I’ve been a “business” buyer for almost 20 years, but I’d be lying if I told you I made every one of those decisions based on a clinical spreadsheet — or stopped thinking about those needs and purchases when I was in a “consumer” setting. Last I checked, I am a human being, and therefore the decisions I make have an emotional element to them — regardless of where I am.

It’s Not About Interest… It’s About Outcomes

For years, both B2C and B2B marketers have been stuck when it came to describing the value they were creating in exchange for the substantial amounts of money they were investing. As a result, B2C marketers talked about “clicks and impressions,” while B2B marketers talked about “leads” — all the while spending vast sums of money.

But the real question that the CEO or CFO is — or should be — asking after a lead or a click is, “Now what?”

We live in a different world now in which marketers of all kinds have the ability to nurture a click or a lead along a relationship arc towards advocacy, a sale, a repeat purchase, an opportunity or revenue — whatever the business goal.

What’s more, marketers have the ability to do it in deeply personal ways. They can tell stories in a continuous fashion with content over time and measure the impact of their engagement with those customers in real business terms.

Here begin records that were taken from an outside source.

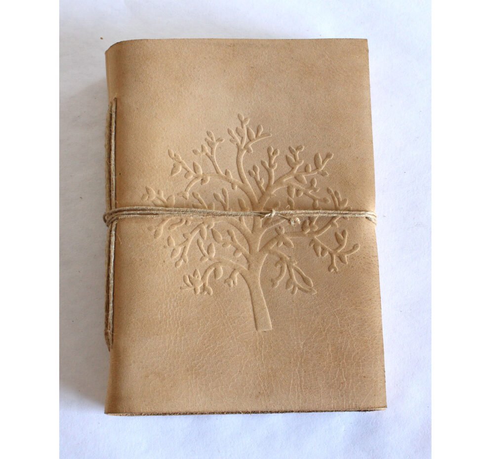 ‘Tree of life’ design embossed on the front cover leather journal
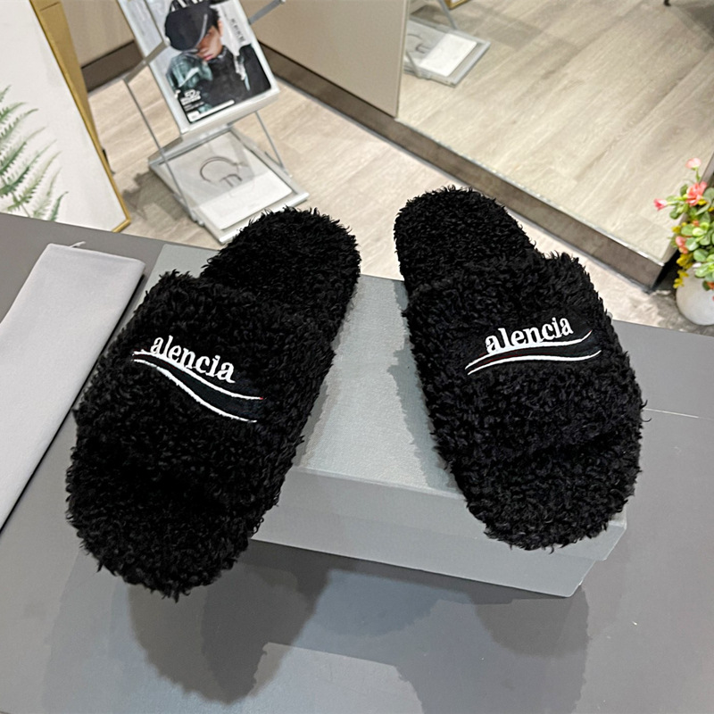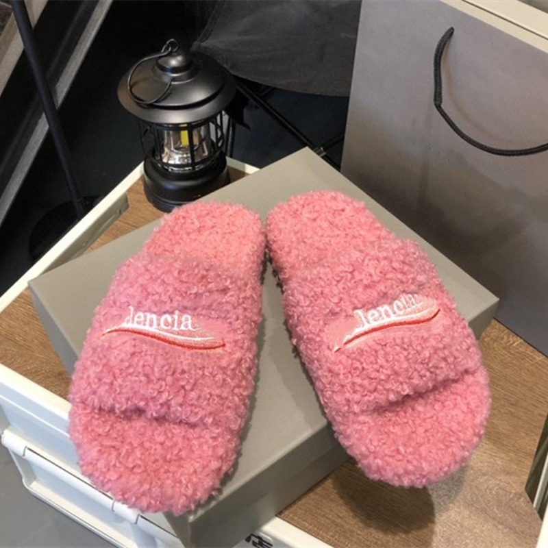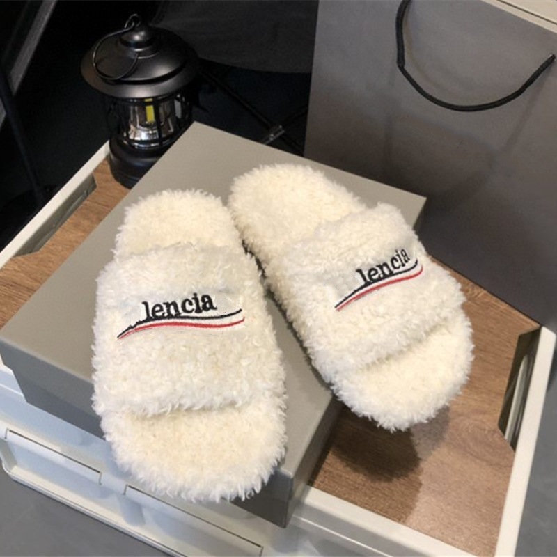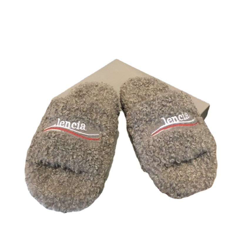Paris wool slippers women's casual wear autumn and winter new B family embroidered letter family word couple wool slippers
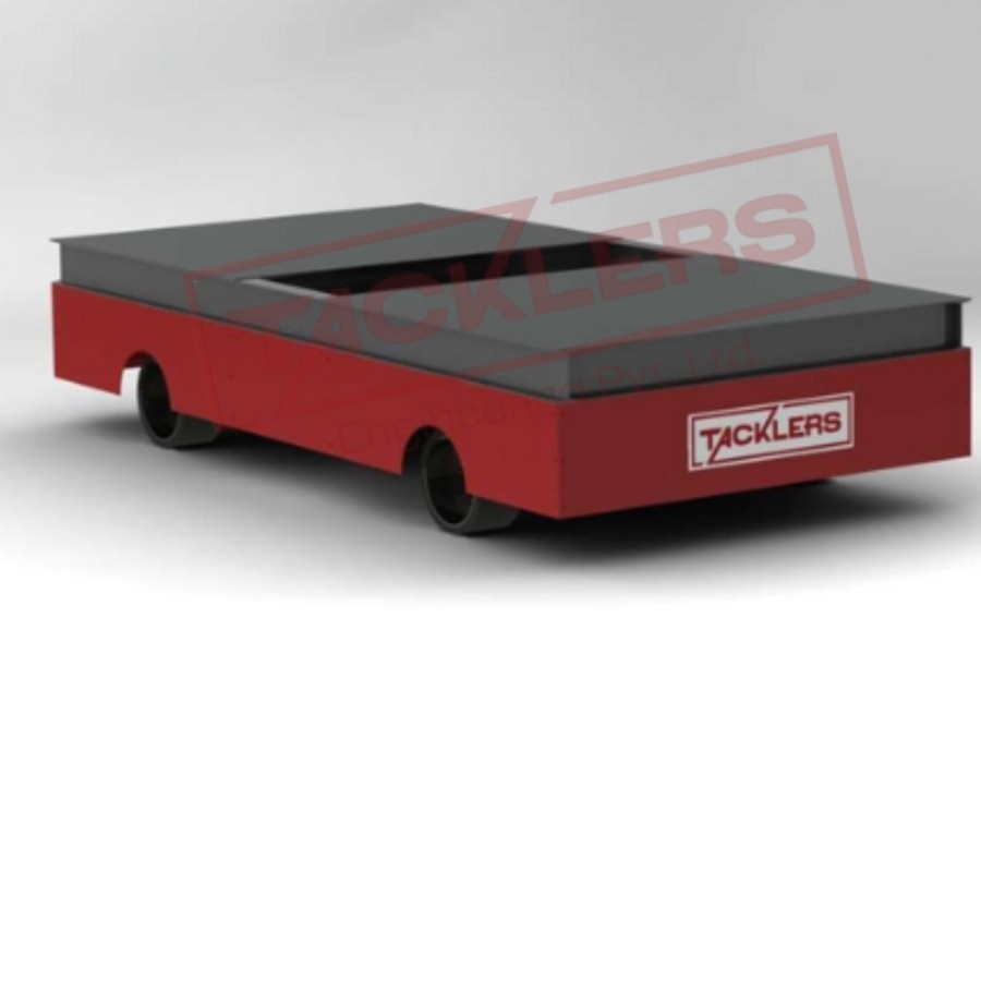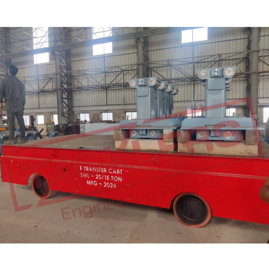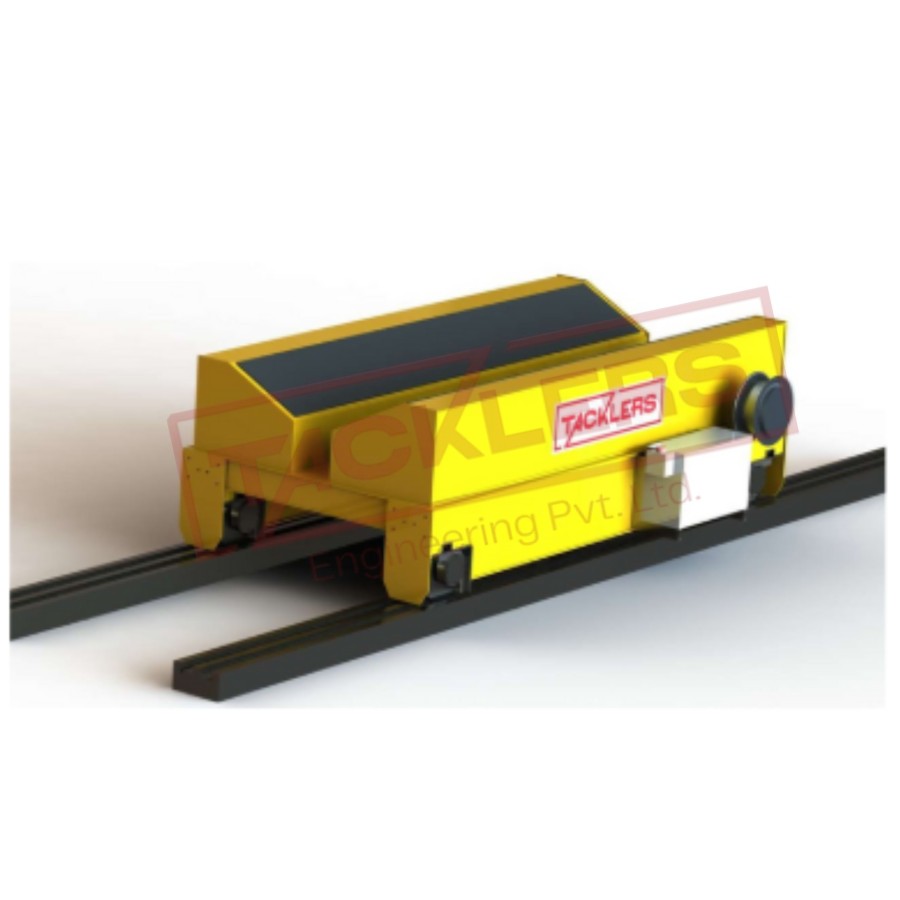 Heavy-duty transfer trolley designed for transporting materials across industrial facilities. Constructed from high-grade steel, with load capacities ranging up to 100 tons. Options include rail-guided or steerable versions, battery-operated or manual, and customizable platforms to suit application-specific requirements.
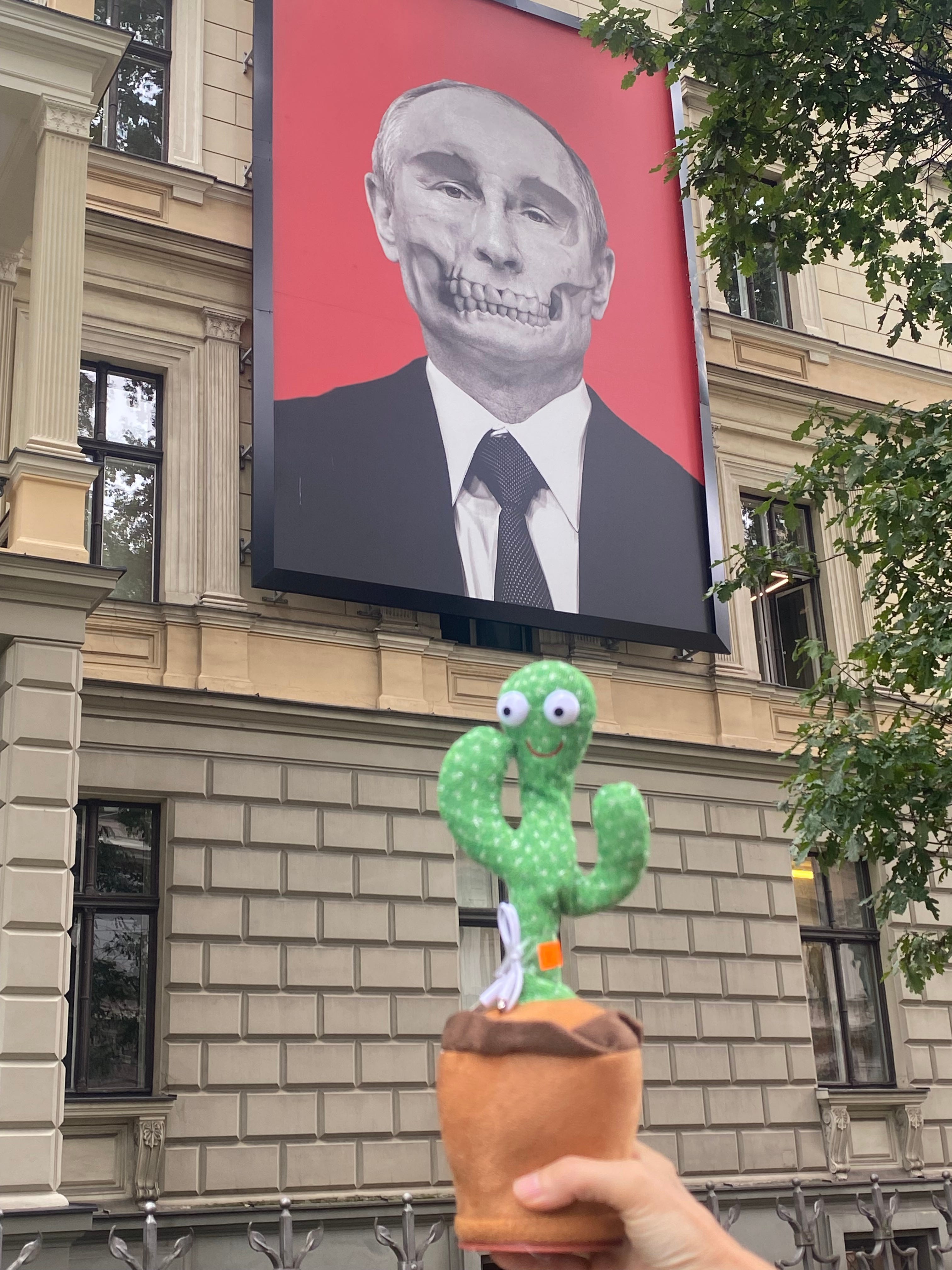 The cactus appears in Riga outside the Russian embassy—across from which a famous portrait of Vladimir Putin hangs.

And not only can marketers from both sides of the aisle direct customers toward a mutual outcome, they are also converging on a common science of measurement and analytics that allows them to finally answer the questions of impact that have been vexing them for so long.

Final Coda

B2B and B2C labels have always been more about our companies and the products we sell than they’ve been about our customers. So as we navigate this new world, keep in mind that our customers have always been people. They’ve always been human.

And now more than ever, we live in a customer-driven world.

While there may be some differences — “high-consideration” buying versus “low-consideration” buying, or “direct sales” models versus “indirect channel” models — the truth is that “consumer” marketers and “business” marketers are far more similar than they are different. We have a lot to learn from each other.

Isn’t it about time we marketers abandoned labels that just get in the way of serving our customers — as well as serving ourselves?